Next go to www.findmyroses.com, which also has great rose links, to find sources for the varieties you have selected. Then send a card to the recipient with a note about how you found the roses and why they are perfect for his or her garden.

Quality Tools. Whether it’s pruning or digging, nothing feels better than gardening with high quality tools. They also last forever and are a constant reminder of the gift-giver. Most garden centers and nurseries carry a good supply of quality garden tools, but you won't find them on sale or in the bargain bins. Quality tools may be at least two to three times more expensive than lower quality tools, but they are worth the price, and you’ll be able to feel the quality in your hands. For the largest selection of gardening tools, shop online. Of the many good choices, we like:
www.gardentoolsforallseasons.com
www.gardenhardware.com

American Rose Society Membership. Go to www.ars.org to find out about all the great benefits of being a member of the ARS, including a subscription to American Rose Magazine.

Borrow from Nature for Christmas Decorations

Even if the ground is frozen or covered with snow, you can still collect from nature or your garden to enliven your Christmas decorations. Try mixing prunings of needled evergreens, fruiting or variegated plants around your poinsettias or other Christmas plants. It will bring a bit of nature’s beauty indoors and soften brightly colored plants. You might even place some on your Christmas tree. Try spray painting bare branches from deciduous trees or shrubs and using them as decoration. A touch of white, silver or gold branches can be an interesting contrast to the soft-textured foliage of a Christmas tree. Pine cones can also be spray painted.

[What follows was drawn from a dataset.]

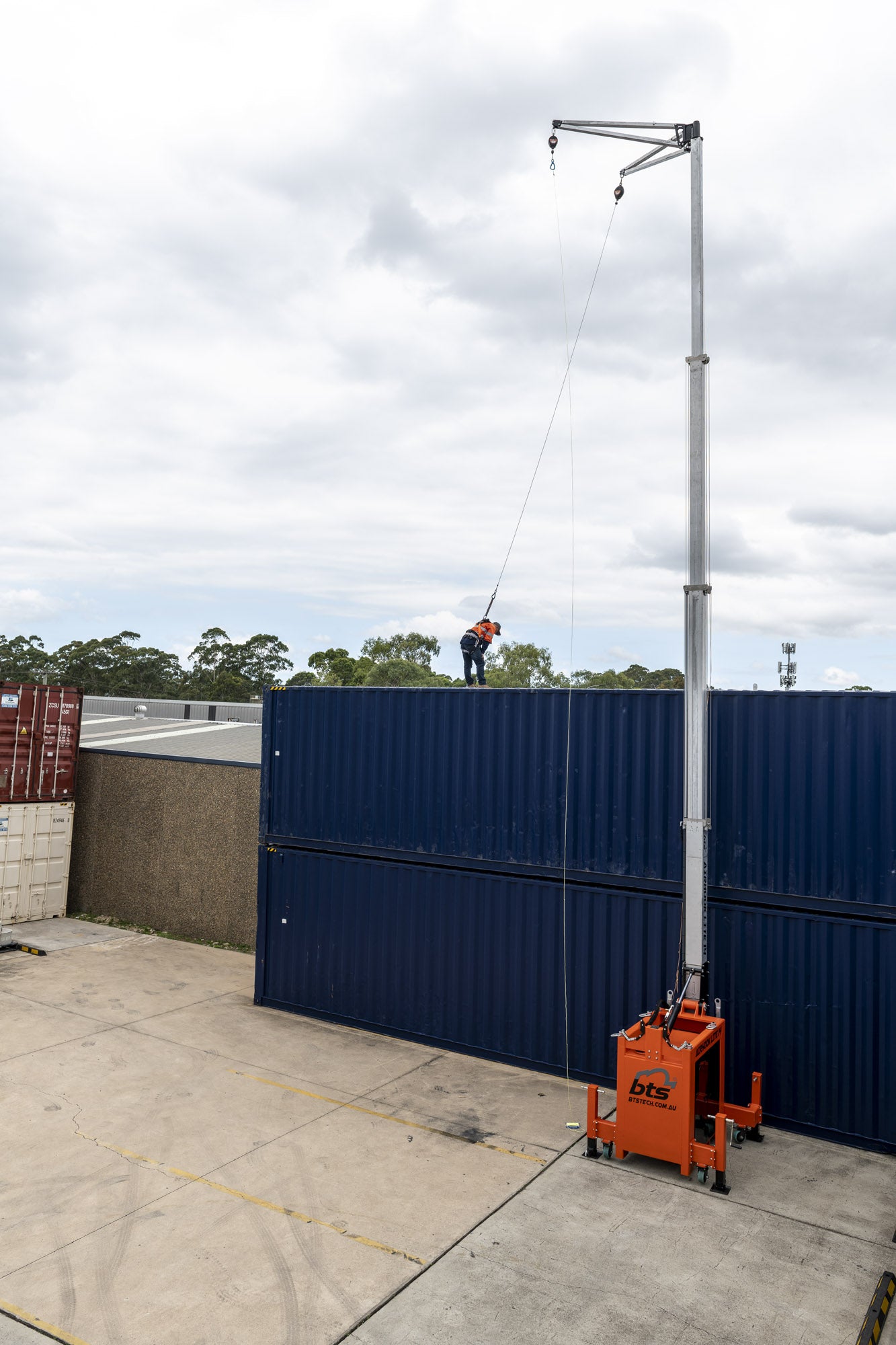 The BTS 14m AirHook Max PRO Portable Overhead anchor provides up to two people working at heights with independent overhead anchor points.

Some plants you might use for their berries (depending on where you live) include hollies, cottoneasters, dogwoods, beautyberry, barberries, hawthorn, crabapples, viburnums and roses (hips). In mild-winter climates, you can also try citrus and pomegranates. Also keep an eye out for the dried blooms of ornamental grasses. Dried arrangements can be stunning, even when done very simply with branches, fallen leaves and a few fruit.

Sharpen your pruning shears, use some imagination and you'll be surprised what the winter landscape has to offer.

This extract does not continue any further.